## TASK DIRECTIONS
The pictures in the listing below are to be skipped, while the lines between the line holding "Sivas Belediyesi sosyal" and the line holding "フライパン 日本製 IH対応", inclusive, are to be output exactly.
Top of DATA TO USE
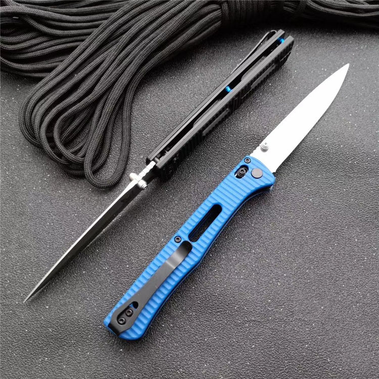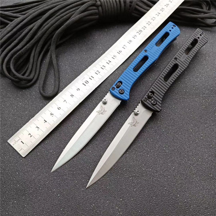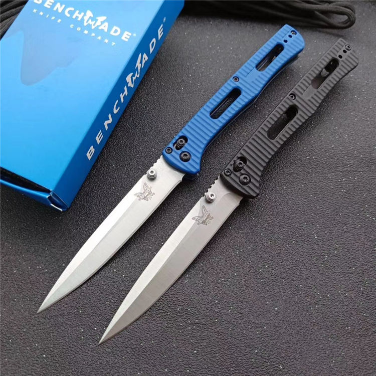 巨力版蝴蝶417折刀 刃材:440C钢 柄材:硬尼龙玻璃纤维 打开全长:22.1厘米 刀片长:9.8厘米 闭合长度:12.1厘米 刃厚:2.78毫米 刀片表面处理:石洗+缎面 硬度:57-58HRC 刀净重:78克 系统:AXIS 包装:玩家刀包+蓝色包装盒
Bottom of DATA TO USE
Top of DATA TO USE
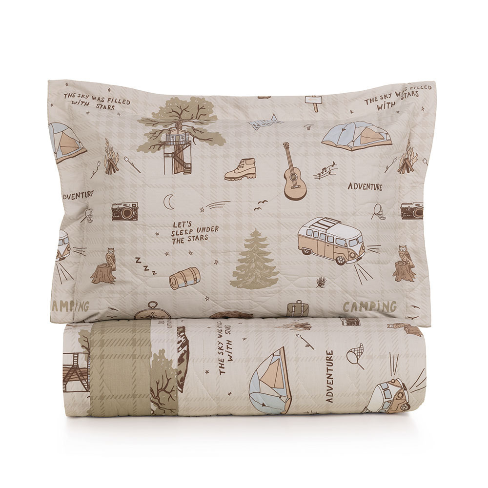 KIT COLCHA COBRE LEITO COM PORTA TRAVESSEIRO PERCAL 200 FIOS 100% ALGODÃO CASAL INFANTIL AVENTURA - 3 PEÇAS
Bottom of DATA TO USE
Top of DATA TO USE
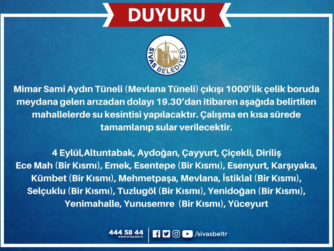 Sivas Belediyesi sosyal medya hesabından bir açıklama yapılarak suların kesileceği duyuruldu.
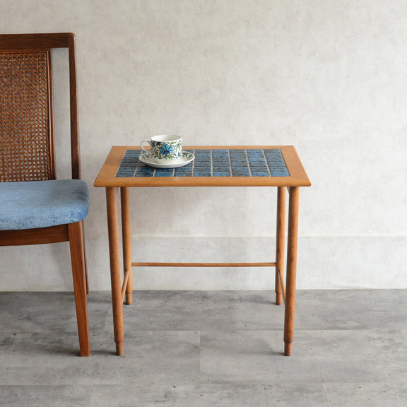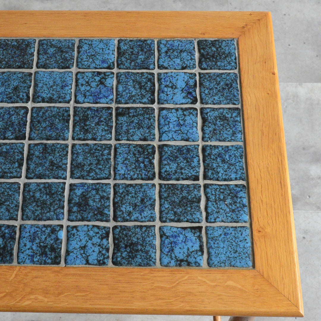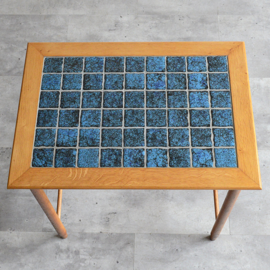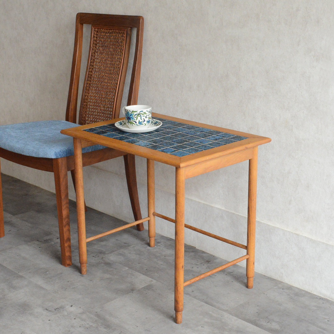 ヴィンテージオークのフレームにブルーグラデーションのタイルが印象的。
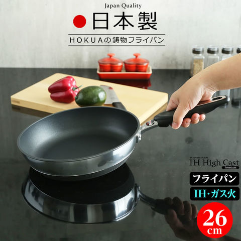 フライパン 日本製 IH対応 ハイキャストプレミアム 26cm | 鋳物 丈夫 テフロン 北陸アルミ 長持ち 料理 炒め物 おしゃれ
Bottom of DATA TO USE
## TASK SOLUTION
 Sivas Belediyesi sosyal medya hesabından bir açıklama yapılarak suların kesileceği duyuruldu.
 ヴィンテージオークのフレームにブルーグラデーションのタイルが印象的。
 フライパン 日本製 IH対応 ハイキャストプレミアム 26cm | 鋳物 丈夫 テフロン 北陸アルミ 長持ち 料理 炒め物 おしゃれ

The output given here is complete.